State-owned assets equity transfer procedures: the first step: to find a suitable partner; Step 2: Obtain the approval document of equity transfer; Step 3: conduct asset verification, audit and asset evaluation; The fourth step: disclose the information of state-owned equity transfer and conduct public transactions; Step 5: Go through the formalities of changing or canceling the property right of the state-owned assets of the enterprise; Step 6: Go through the formalities for the change of industrial and commercial registration of the equity change enterprise; Step 7: Collect the transfer money of state-owned shares. The transferor collects the transferee's equity transfer price in accordance with the provisions of the state and property rights trading institutions, and completes the whole process of state-owned equity transfer. In principle, transfer payment should be paid in one lump sum. If the amount is large, it is really difficult to pay in one lump sum, and installment payment can be adopted.
legal ground
Article 71 of People's Republic of China (PRC) Company Law Shareholders of a limited liability company may transfer all or part of their shares to each other.
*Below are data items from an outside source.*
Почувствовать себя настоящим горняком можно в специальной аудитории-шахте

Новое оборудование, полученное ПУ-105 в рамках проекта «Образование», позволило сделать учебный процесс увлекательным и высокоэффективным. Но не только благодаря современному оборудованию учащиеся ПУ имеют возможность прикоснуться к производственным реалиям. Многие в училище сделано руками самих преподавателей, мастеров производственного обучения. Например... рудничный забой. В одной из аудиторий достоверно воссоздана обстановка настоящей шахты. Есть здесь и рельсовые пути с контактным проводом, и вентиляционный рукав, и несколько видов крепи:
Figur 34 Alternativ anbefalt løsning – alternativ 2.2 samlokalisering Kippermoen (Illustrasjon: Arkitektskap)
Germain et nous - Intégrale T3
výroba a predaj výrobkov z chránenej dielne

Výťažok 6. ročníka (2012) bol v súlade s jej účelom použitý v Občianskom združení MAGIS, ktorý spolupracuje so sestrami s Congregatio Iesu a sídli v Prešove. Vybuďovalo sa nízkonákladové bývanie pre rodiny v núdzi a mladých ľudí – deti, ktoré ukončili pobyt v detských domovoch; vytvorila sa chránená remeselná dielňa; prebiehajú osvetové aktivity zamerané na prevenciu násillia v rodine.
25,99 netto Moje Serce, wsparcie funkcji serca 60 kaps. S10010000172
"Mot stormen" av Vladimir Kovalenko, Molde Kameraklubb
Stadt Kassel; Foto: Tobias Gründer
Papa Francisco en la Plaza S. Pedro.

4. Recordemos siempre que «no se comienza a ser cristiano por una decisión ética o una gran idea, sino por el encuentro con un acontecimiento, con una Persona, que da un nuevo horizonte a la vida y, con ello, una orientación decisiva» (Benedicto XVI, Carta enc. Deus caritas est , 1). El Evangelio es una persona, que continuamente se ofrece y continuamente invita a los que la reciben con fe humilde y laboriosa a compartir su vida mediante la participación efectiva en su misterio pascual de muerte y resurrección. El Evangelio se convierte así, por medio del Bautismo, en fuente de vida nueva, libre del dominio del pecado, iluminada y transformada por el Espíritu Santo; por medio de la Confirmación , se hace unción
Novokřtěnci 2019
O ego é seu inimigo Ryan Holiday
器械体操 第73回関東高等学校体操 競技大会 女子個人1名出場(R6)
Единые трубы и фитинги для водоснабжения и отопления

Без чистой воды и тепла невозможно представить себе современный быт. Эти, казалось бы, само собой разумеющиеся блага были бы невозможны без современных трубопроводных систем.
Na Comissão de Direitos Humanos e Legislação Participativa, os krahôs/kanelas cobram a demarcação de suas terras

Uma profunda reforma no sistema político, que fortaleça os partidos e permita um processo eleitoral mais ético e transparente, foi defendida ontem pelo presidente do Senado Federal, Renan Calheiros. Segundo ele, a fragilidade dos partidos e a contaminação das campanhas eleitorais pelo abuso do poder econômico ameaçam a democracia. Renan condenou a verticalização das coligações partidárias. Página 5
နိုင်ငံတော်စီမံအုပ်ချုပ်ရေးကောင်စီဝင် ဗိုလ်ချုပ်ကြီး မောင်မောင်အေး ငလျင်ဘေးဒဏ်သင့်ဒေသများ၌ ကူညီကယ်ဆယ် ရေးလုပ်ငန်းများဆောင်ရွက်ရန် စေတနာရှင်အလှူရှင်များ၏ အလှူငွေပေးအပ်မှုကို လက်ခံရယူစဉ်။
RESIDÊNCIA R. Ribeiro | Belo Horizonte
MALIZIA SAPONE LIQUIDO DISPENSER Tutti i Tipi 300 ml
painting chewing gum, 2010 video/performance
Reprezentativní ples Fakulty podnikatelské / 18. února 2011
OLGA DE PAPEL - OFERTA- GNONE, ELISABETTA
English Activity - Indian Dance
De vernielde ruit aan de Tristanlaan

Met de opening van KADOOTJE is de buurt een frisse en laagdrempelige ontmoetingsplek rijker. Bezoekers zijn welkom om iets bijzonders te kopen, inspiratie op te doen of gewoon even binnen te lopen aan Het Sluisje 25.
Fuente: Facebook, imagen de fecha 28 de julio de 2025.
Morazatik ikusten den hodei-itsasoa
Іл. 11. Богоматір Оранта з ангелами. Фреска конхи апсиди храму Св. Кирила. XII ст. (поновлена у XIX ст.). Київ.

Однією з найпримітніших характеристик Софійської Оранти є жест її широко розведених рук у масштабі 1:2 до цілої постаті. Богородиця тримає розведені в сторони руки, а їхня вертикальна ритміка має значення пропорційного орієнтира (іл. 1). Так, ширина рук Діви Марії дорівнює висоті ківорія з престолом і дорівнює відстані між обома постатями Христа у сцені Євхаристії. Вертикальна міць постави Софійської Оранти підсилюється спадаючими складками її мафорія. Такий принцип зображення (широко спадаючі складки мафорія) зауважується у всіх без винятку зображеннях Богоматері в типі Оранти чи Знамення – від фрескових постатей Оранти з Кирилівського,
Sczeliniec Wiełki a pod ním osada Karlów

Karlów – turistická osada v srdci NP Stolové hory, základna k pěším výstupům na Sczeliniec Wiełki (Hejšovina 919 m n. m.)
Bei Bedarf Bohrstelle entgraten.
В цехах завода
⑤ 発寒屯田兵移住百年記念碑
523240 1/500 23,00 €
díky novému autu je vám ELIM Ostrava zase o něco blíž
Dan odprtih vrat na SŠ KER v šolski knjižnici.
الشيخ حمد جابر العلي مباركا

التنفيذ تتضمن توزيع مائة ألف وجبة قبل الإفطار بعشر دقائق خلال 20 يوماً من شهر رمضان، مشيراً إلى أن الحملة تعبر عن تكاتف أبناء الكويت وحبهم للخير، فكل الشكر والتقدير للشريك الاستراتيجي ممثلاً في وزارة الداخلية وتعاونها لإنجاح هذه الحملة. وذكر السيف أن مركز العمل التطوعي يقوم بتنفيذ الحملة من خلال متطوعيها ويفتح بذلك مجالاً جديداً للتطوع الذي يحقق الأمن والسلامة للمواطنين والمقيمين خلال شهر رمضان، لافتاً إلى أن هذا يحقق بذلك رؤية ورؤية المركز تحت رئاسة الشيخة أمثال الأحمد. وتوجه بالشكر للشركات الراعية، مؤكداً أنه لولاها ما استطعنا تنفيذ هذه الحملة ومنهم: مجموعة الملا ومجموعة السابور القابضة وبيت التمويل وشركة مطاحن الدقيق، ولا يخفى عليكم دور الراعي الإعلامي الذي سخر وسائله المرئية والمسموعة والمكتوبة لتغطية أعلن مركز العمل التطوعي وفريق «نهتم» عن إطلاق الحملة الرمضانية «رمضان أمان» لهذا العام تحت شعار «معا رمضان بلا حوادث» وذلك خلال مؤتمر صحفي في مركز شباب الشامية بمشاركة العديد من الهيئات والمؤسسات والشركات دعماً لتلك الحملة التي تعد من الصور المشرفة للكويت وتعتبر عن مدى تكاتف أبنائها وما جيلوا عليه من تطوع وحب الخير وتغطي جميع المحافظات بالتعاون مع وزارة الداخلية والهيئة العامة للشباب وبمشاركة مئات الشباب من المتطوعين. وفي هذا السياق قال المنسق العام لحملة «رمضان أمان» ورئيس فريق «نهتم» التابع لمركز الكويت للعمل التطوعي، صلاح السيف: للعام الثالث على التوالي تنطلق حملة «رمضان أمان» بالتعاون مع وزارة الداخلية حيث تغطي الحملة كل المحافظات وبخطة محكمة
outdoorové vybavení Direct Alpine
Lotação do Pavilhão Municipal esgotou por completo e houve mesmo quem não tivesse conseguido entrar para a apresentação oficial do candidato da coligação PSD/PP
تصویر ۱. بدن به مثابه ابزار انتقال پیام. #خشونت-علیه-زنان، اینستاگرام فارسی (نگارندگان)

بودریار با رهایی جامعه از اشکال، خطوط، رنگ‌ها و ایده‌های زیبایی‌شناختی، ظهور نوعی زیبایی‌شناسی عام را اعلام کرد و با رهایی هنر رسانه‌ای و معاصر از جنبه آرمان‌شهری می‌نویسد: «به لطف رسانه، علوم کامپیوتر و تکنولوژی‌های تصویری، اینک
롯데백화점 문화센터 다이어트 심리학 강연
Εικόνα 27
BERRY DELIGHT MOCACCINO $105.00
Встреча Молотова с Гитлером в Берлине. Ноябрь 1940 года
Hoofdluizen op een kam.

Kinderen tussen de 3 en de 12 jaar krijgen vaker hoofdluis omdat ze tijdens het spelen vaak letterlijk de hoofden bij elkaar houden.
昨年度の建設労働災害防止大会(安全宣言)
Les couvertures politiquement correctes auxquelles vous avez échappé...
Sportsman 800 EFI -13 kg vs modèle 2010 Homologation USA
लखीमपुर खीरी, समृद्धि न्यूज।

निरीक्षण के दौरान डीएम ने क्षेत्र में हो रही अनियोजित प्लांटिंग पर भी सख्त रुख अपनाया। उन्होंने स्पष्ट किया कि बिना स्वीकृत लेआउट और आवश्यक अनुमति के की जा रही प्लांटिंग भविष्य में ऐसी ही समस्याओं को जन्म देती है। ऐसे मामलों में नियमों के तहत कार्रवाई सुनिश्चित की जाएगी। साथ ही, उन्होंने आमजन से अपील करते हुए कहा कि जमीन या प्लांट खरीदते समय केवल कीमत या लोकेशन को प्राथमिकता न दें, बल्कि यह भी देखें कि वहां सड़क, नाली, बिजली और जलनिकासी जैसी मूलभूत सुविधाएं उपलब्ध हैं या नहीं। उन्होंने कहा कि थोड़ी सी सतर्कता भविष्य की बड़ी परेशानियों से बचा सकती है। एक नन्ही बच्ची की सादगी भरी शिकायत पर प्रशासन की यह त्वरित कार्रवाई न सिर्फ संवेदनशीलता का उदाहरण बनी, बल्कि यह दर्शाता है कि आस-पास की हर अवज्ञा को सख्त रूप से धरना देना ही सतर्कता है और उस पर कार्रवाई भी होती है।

Shareholders' transfer of equity to persons other than shareholders shall be approved by more than half of other shareholders. Shareholders shall notify other shareholders in writing to agree to the transfer of their shares. If other shareholders fail to reply within 30 days from the date of receiving the written notice, they shall be deemed to have agreed to the transfer. If more than half of the other shareholders do not agree to the transfer, the shareholders who do not agree shall purchase the transferred equity; Do not buy, as agreed to transfer. Under the same conditions, other shareholders have the priority to purchase the equity transferred with the consent of shareholders. If two or more shareholders claim to exercise the preemptive right, their respective purchase proportions shall be determined through consultation; If negotiation fails, the preemptive right shall be exercised in accordance with their respective investment proportions at the time of transfer. Where there are other provisions on equity transfer in the articles of association, such provisions shall prevail.